One difference from the cart as opposed to the product detail page, is that each cart line consists of the quantity of the item. Since the Calculate item delivery date API accounts for single availability and valid capacity windows, it cannot provide an accurate estimate for a cart line. For this reason, Sterling Intelligent Promising provides the Calculate checkout assignments API to support this use case. This API addresses the complex calculation that is needed to determine the earliest delivery date based on the shipping speed for the requested quantity. The seller might realize that when the number of item increases for the same cart line, the overall delivery date might change. The date might change because each shipping location might not have all requested quantity or have different availability dates.
It is recommended that the seller display the estimated delivery date for each cart line. The shopper can then compare individual cart lines to determine which items meet their delivery acceptance criteria. Some sellers might include all cart lines into the estimate, under the assumption that the shopper knows exactly what they wanted from the beginning. This use case suits sellers that have a small catalog and primarily offer flagship items or limited product choices.
For the cart estimate, the seller can choose to show similar information as can be displayed on the product detail page. This information can include the shipping speed and associated earliest delivery date, and the earliest date the items can be picked up at a nearby store.
This image shows an example of a cart page with a request that exceeds the available inventory.
To obtain the estimated delivery information, use the Calculate shipment assignments API. The Calculate shipment assignments API provides the earliest delivery estimate and accounts for the full requested quantity for a cart line item. The API also returns information about any backorder or quantity that cannot be fulfilled by the network. For this reason, the seller needs to proactively verify whether the quantity is complete and report any backorder amount to the shopper. This communication ensures that the shopper is aware of any quantity that cannot be fulfilled before they move to the order capture phase.
This estimate can also be derived by using a combination of the Calculate item delivery date API and the Get node availability by dates API. The estimated delivery date also provides the fulfilling ship node that meets the reported earliest delivery date. By using this information, the seller can identify the available quantity at the target ship node by using the Get node availability by dates API. Based on the inventory threshold of the item, the seller can display a short message that indicates that the item has only a limited availability to urge buyer to purchase it sooner.
Checkout
After the shopper finalizes the list of items in their shopping cart, the cart can be forwarded to the checkout phase. At checkout, the shopper does a final review of the cart, which consists of multiple cart line and item quantities. Since that the shopper is likely to be committed to purchasing the items, the seller needs to provide a delivery estimate for the entire cart.

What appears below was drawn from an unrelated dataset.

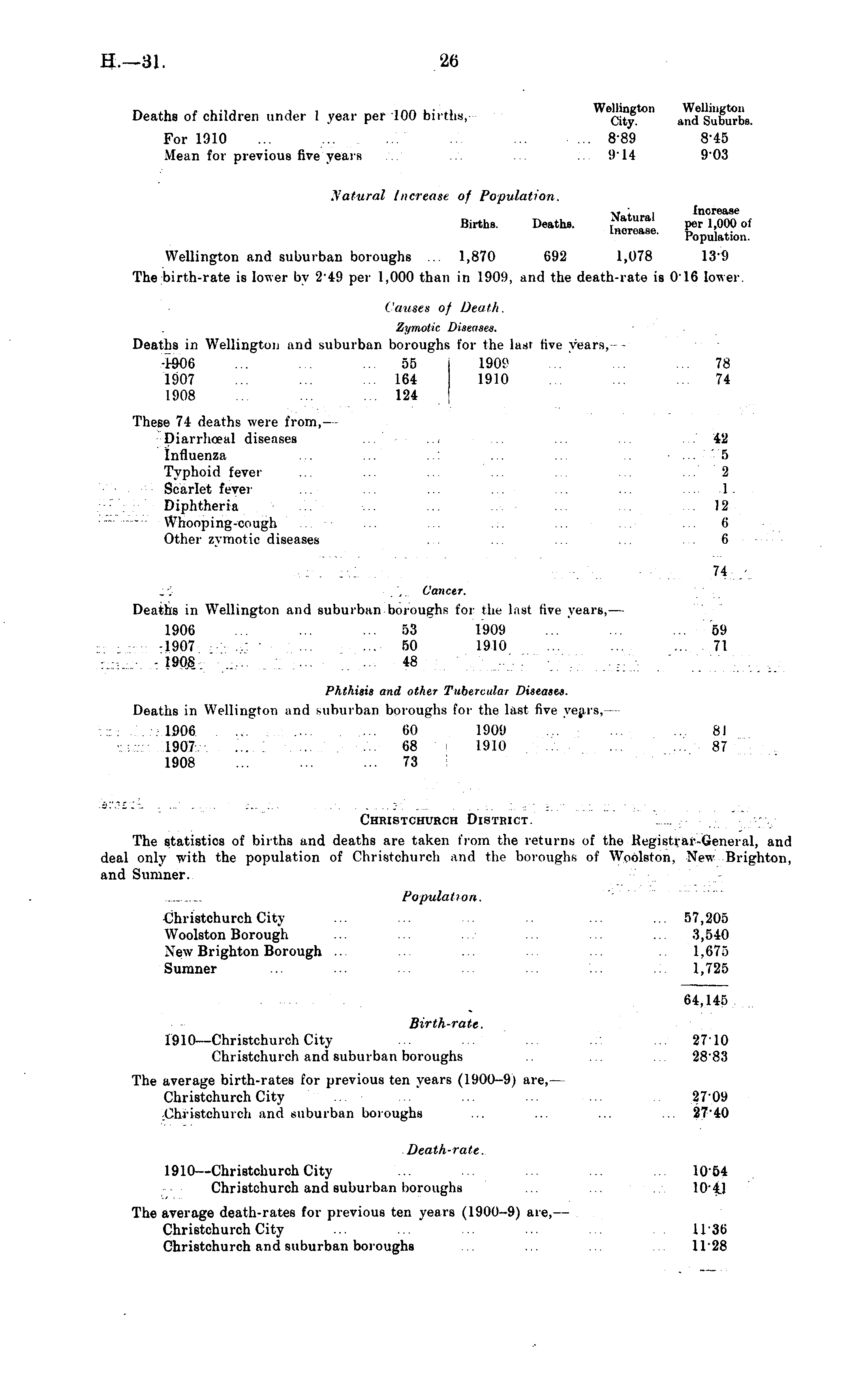 n ~ . , ~, , , .„„ ,• ~ Wellington Wellington Deaths of children under 1 year per 100 births, ci * and Suburbs. For 1910 ... ..'. ... ... B*B9 8*45 Mean for previous five years . . .914 9*03 Natural Increase of Population. v • . Increase Births. Deaths. |*»™™ per 1,000 of incioase. p 0 p U i flt i 011 . Wellington and suburban boroughs ... 1,870 692 1,078 13*9 The birth-rate is lower by 249 per 1.000 than in 1909, and the death-rate is 016 lower. ' a uses of Death. Zymotic Diseases. Deaths in Wellington and suburban boroughs for the last five years,- - -1906 ... ... ... 55 1909 ... ... ... 78 1907 ... ... ... 164 1910 ... ... ... 74 1908 ... ... ... 124 These 74 deaths were from, — Diarrhoeal diseases .. ... ... 42 Influenza ... ... ... ... 6 Typhoid fever ... ... ... ... ... ... 2 Scarlet fever ... ... ... ... . ... .... 1. Diphtheria ... ... ... ... ... 12 Whooping-cough ... ... ... ... ... ... o* Other zymotic diseases ... ... ... . . ... 6 74 ■ ".'.. Cancer. Deaths in Wellington and suburban boroughs for the last five years,— 1906 ... ... ... 53 1909 ... ... ... 59 -1907 ... ... 50 1910 ... ... 71 1908 ... 48 Phthisis and other Tubercular Diseases. Deaths in Wellington and suburban boroughs for the last five years, — 1906 ... ... 60 1909 ~. ... ... 81 1907 ... ... ... 68 1910 ... ... 87 1908 ... ... ... 73 Christchurch District. The statistics of births and deaths are taken from the returns of the Registrar-General, and deal only with the population of Christchurch and the boroughs of Woolston. New Brighton, and Sumner. Population. Christchurch City ... ... ... ... ... 57,205 Woolston Borough ... ... ... ... ... 3,540 Xew Brighton Borough ... ... ... ... ... 1,675 Sumner ... ... ... ... ... 1,725 64,145 Birth-rate. 1910—Christchurch City ... ... ... ... 2710 Christchurch and suburban boroughs ... . 28'83 The average birth-rates for previous ten years (1900-9) are,— Christchurch City ... ... ... ... ... 27'09 Christchurch and suburban boroughs ... ... ... ... 27'40 Death-rate. 1910—Christchurch City ... ... ... ... ... 1054 Christchurch and suburban boroughs ... ... 104] The average death-rates for previous ten years (1900-9) are, — Christchurch City ... ... ... ... 1136 Christchurch and suburban boroughs ... ... ... ... IT2B

This delivery estimate ensures that the shopper is aware of the overall delivery date for the items.
The difference between a cart page and a checkout page is that a cart page contains all the cart lines that are considered together to obtain the fulfillment estimates. When multiple cart lines and multiple quantities are considered together, it is likely that the cart is going to require split shipments when availability is low.
On a checkout page, the shopper must be able to choose the shipping speed they want, delivery methods, and fulfillment preferences. The shopping experience is further enhanced when the seller gives the shopper a sense of commitment by providing an accurate delivery estimate for the cart items and quantities. Fulfillment preferences can either be predefined by the seller or provided as options for the shopper. Fulfillment preferences indicate the way that the shopper receives the delivered items, such as all the items delivered together or delivered as soon as they are available. Earliest delivery means that the shipment leaves the ship node as soon as the items are available. Delivery together refers to scheduling all cart items to arrive on the same earliest possible delivery date.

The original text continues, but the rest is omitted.